The Senate also handed organized labor a long-sought victory when it approved a bill banning overtime for nurses and certified nursing assistants, except in unforeseeable emergencies, such as a power outage, a spike in the patient population or when an unusual number of employees call in sick.

For more than a decade, the issue of nurses and nurse aides being forced to work overtime has been a perennial complaint at the General Assembly. Nurses asserted that patient safety was compromised when caregivers were forced to work exhausted. Hospital lobbyists countered that they rarely used mandatory overtime, and only as a last resort.

The issue had faded into the background at the State House for years, as legislators waited for hospitals and health-care unions to work the issues out. Some did, some didn’t. Last year, the House approved the bill in the session’s home stretch, but it died when the Senate ran out of time to consider it.

Yesterday’s Senate vote for a compromise version of the bill introduced by Sen. John Tassoni Jr., D-Smithfield, drew a thunderclap of applause. The compromise was limited to nurses and certified aides, and it no longer contained a requirement that would have called for payments of twice their hourly wage if an employer violated the law.

But, in an unexpected reversal, a bill to ban human trafficking sailed through the Senate and got snagged in the House. (In the past, the bill has passed the House and gotten held up in the Senate.)

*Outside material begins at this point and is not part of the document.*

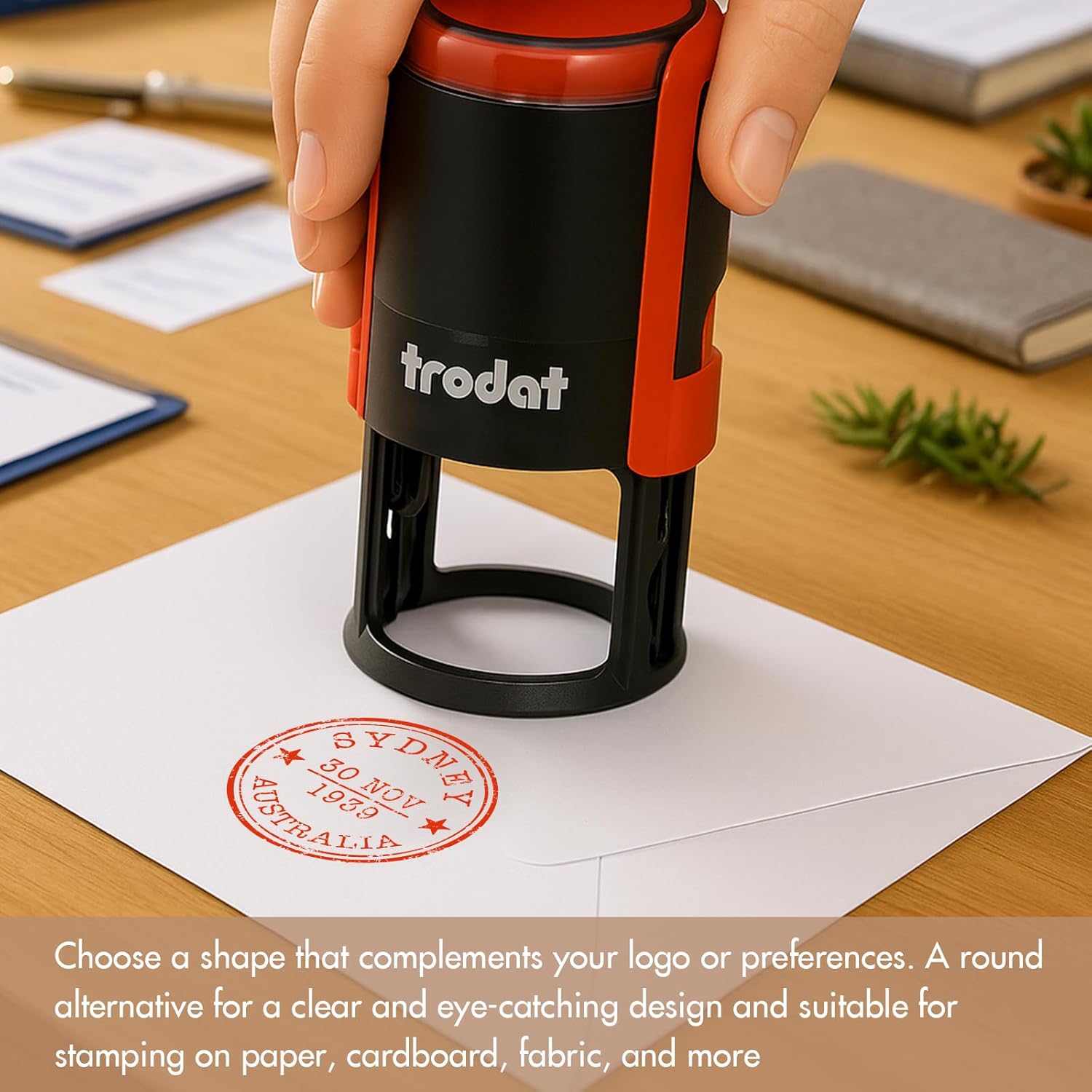 - Custom stamps self-inking: Click “Customize Now”, upload your design, enter the text, choose the size and color you want for the custom rubber stamp, and create tamper-proof personalized stamps in seconds!

The House Judiciary Committee put off a planned vote over concerns that the bill, as written, punishes sex workers, rather than people who force them into involuntary servitude.

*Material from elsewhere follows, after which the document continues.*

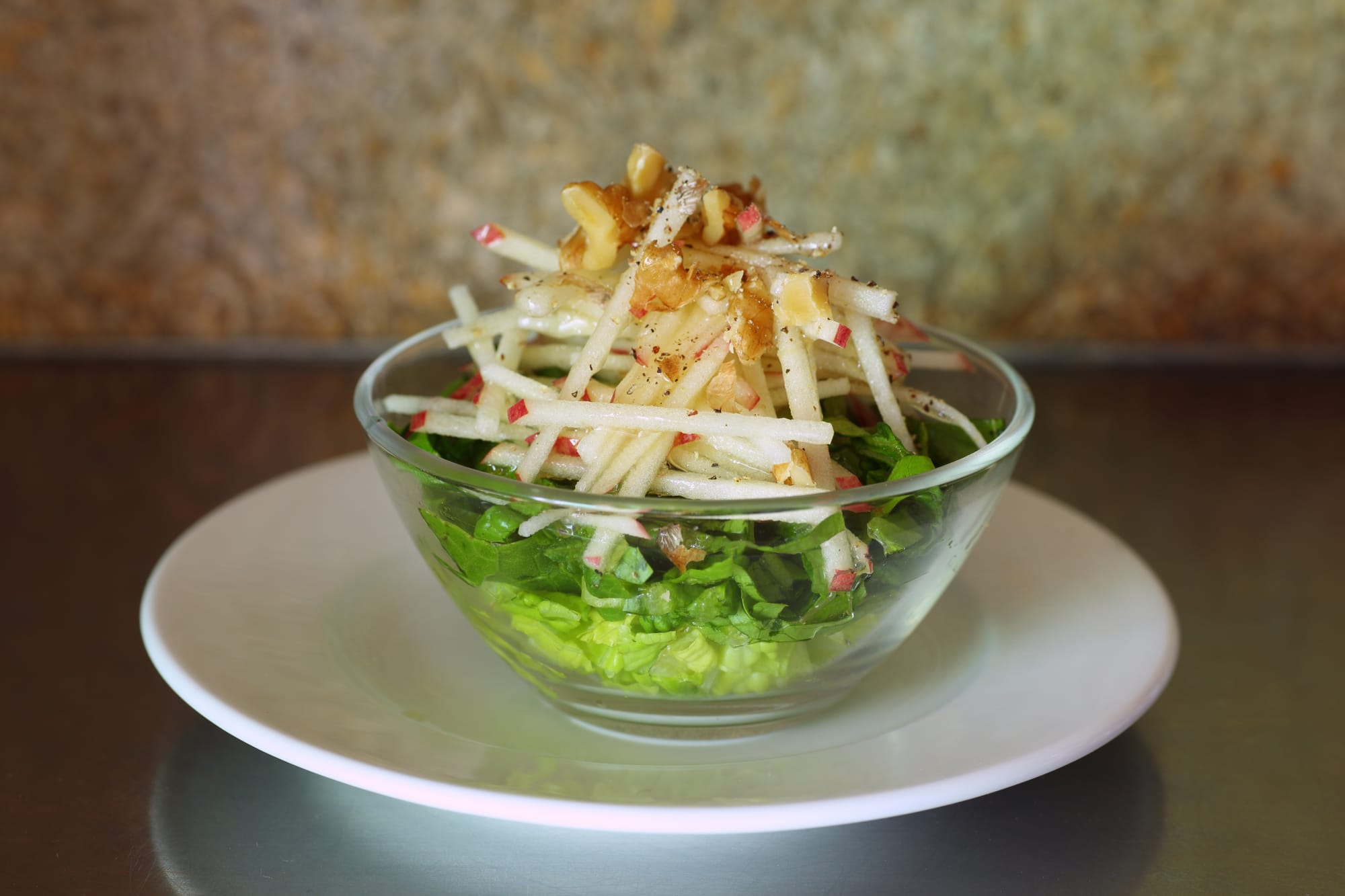5. 皿に2、3、4の順に盛り、キユーピー フルーツビネガードレッシング(アップル)をかける。

Several committee members said the bill is so vaguely worded that it could be interpreted to make all “commercial sexual activity,” including a striptease or a lap dance, illegal.

“There are some licensed venues that would be subject to 20 years in prison under this,” said Rep. Nicholas A. Mattiello, D-Cranston. “I think it goes beyond what it’s intended to do.”

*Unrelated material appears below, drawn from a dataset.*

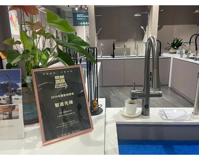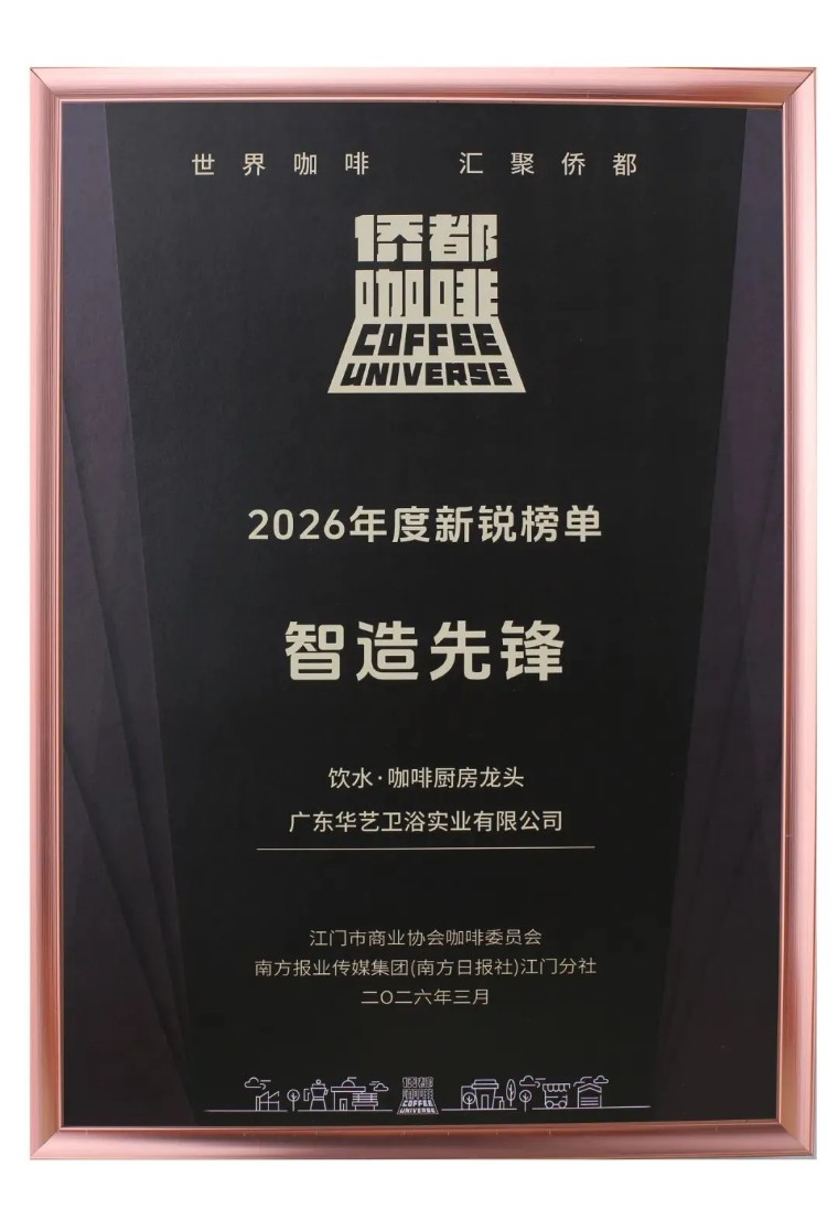 在近日揭晓的2026年度新锐榜单中,华艺卫浴自主研发创新的饮水·咖啡厨房龙头,从众多参评产品中脱颖而出,成功斩获 “智造先锋” 大奖。

The committee members sent the bill to House lawyers for amendments last night, and will consider the amended version when they meet again today.

Meanwhile yesterday, the House passed and sent to the Senate a bill sponsored by Rep. Raymond E. Gallison Jr., D-Bristol, intended to make it more difficult to build a proposed liquefied natural gas terminal in Fall River. The bill would require that any emergency management plan for the transportation of LNG through Narragansett Bay and Mount Hope Bay be approved by the General Assembly and the eight coastal communities that tankers would pass near.

Also passed was a bill, sponsored by Rep. Peter L. Lewiss, D-Westerly, to let judges include pets in custody orders that drew both ridicule and passionate support before it cleared the House 52 to 16.

Rep. David A. Caprio, D-Narragansett, said the bill would give animals the same consideration given to children in Family Court, and lawyers a means to cause major delays in cases.

How, Caprio wondered, would the judge figure out who the dog, or whatever, really wanted to be with?

But Rep. Gordon Fox, D-Providence, accused Caprio and some other critics of “having fun” at the expense of children whose homes are breaking up. The point of the bill, he said, is to keep pets with the children who are emotionally attached to them when families separate.

“Some judges say, ‘I don’t do animals,’ ” Fox said, when pets can help maintain “some semblance of normality.”